The Associated Press report on the day of the Thai explosion was admirably straightforward: "A passenger jet Thailand's prime minister was to board exploded and went up in flames 35 minutes before its scheduled departure Saturday.”
"Thailand has a history of coups and violent overthrows of governments," the AP reported. "The explosion came two days after Thaksin gave Thailand's Constitutional Court 21 boxes of documents as part of his defense against a corruption indictment that could evict him from office."
According to the AP, the Thai Airways president had said that there was "a loud noise that sounded like an explosion" before the fire started.
The AP paraphrased the plane's captain as saying, "It was impossible for the plane to explode from an internal malfunction if the engines had not yet been started.
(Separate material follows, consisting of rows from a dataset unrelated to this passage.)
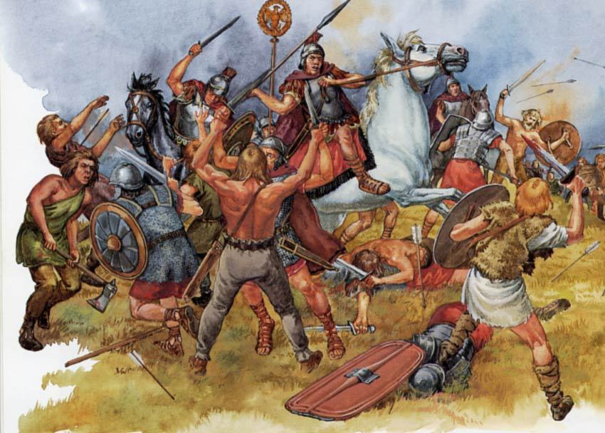 (→ 색인 : 로마사)율리우스 카이사르 시대에 게르만족은 라인 강 서쪽에 완전히 자리를 잡았고, 남쪽으로는 도나우 강까지 이르렀다. 게르만족이 로마인과 처음으로 크게 충돌한 것은 킴브리족과 테우토니족(튜튼족)이 갈리아 남부와 이탈리아 북부를 침략한 BC 2세기였는데 이들은 BC 102~101년에 로마의 마리우스에 의해 섬멸되었다.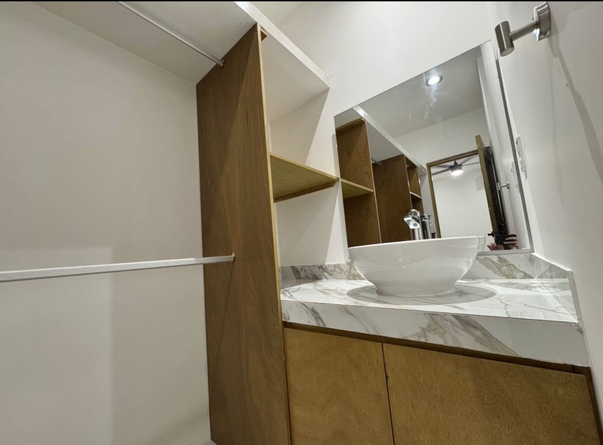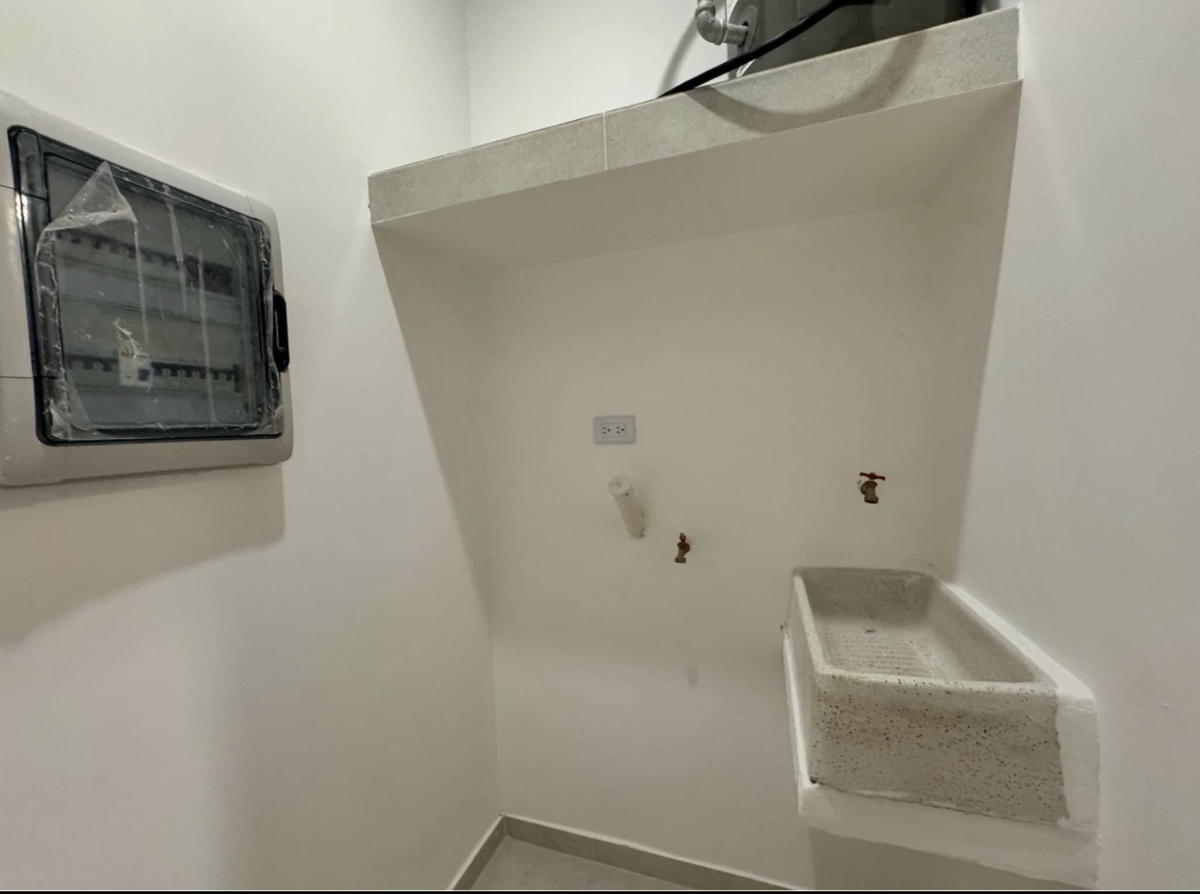 Atrás de ella, un closet de lavado, con instalación lista y un lavadero estilo México. No incluye lavadora.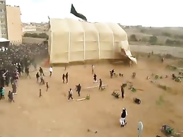 UN CHAPITEAU GÉANT S'ENVOLE EN LIBYE, AVEC DES GENS À L'INTÉRIEUR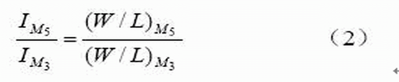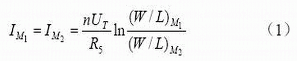 式(1)中n為亞閾值因子,UT為熱電勢(shì)。M3和M5組成電流鏡,則:

The fully loaded fuel tanks, located in the plane's wings, were intact ... indicating that burning fuel was not the cause of the explosion."
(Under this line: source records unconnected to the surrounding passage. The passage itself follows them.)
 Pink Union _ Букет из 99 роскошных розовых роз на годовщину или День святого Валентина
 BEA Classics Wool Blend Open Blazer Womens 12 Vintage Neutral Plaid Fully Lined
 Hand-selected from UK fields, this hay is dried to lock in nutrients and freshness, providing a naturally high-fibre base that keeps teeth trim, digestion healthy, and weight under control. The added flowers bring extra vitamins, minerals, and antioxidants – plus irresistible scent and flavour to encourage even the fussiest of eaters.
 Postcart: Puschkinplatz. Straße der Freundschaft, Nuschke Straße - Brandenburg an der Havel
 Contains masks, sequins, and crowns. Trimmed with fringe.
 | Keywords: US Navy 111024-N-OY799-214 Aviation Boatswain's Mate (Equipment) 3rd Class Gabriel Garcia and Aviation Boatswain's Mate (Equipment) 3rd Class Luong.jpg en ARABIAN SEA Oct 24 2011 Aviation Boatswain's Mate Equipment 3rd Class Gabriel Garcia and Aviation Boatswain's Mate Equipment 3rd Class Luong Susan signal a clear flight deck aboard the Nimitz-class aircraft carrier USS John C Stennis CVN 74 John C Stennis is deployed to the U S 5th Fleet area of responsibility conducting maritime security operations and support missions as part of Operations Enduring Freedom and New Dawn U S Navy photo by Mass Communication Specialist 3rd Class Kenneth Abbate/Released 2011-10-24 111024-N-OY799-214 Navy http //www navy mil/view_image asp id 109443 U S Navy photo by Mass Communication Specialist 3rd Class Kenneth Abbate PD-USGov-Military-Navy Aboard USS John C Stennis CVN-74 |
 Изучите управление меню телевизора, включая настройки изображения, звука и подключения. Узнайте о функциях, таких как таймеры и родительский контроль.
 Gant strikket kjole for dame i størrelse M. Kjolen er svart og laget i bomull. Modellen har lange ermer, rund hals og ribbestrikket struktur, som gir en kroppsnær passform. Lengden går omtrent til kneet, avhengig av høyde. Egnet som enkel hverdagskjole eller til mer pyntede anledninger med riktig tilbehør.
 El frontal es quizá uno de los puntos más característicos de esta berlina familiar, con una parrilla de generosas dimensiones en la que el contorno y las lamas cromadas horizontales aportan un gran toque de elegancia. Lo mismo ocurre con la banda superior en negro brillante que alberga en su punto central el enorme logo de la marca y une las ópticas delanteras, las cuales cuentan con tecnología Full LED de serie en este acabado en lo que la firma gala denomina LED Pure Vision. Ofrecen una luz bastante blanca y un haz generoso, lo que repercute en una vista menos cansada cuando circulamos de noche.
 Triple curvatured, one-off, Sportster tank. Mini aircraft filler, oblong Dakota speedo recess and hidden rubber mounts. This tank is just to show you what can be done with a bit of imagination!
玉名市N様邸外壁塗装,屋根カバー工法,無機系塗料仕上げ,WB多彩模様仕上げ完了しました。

The New York Times was even more specific: "Minutes before Prime Minister Thaksin Shinawatra was to board a Thai Airways jet this weekend, an explosion from beneath his assigned seat blew apart the plane."
The investigation in Thailand took a page right out of the TWA Flight 800 playbook. This time the explosive residue, like all other evidence of a bomb, disappeared in a hurry.
On April 11, the NTSB issued a press release that reads like a crude parody of the TWA 800 investigation: “Air conditioning packs, which are located directly beneath the center wing tank and generate heat when they are operating, had been running continuously since the airplane's previous flight, including about 40 minutes on the ground.”
Note the apocryphal TWA 800 scenario now transposed to a 737 on a Thailand tarmac: the heat, the overactive air conditioning, the center wing tank explosion.
The parody grows cruder still: “Although chemical traces of high-energy explosives were initially believed to be present, samples have been submitted to the FBI for confirmation . . . . .The FBI has found no evidence of high explosives in any of the samples tested to date.”
How or why the NTSB and the FBI both got involved in a Thailand explosion was not at all clear. What was clear, however, was the dissembling.
Again, the NTSB imposed its patented center wing tank scenario, this time not in four years but in four weeks. Again, a 40-minute layover on a 95-degree day was made to seem unusually perilous. Again, the explanation held off the media.
The New York Times headlined only its second piece on the Thai Airways crash, "A Similarity Is Seen In 2 Plane Explosions." The headline implies both the NTSB strategy and the Times's passivity.
That no member of the major media expressed even the faintest bit of skepticism reveals all too much about the state of American journalism.
The American involvement in the Thai case was too quick and expedient. Still unable to identify an ignition source for TWA 800, the NTSB needed a parallel explosion to justify its miscellaneous rulings on that doomed flight.
As to the Thai prime minister, the one who was about to indict his buddies in a corruption scandal, the one who was about to board the plane, he would have welcomed an alternative explanation, one that would make him look less vulnerable and victimized.
The Malaysians are likely looking for an alibi as well. It took our authorities eight days to “find” the TWA 800 black boxes in 100 feet of water ten miles south of the Hamptons.
I suspect it will take the Malaysians that long to find their black boxes as well. Then, they can figure out the most useful story they think they can get away with.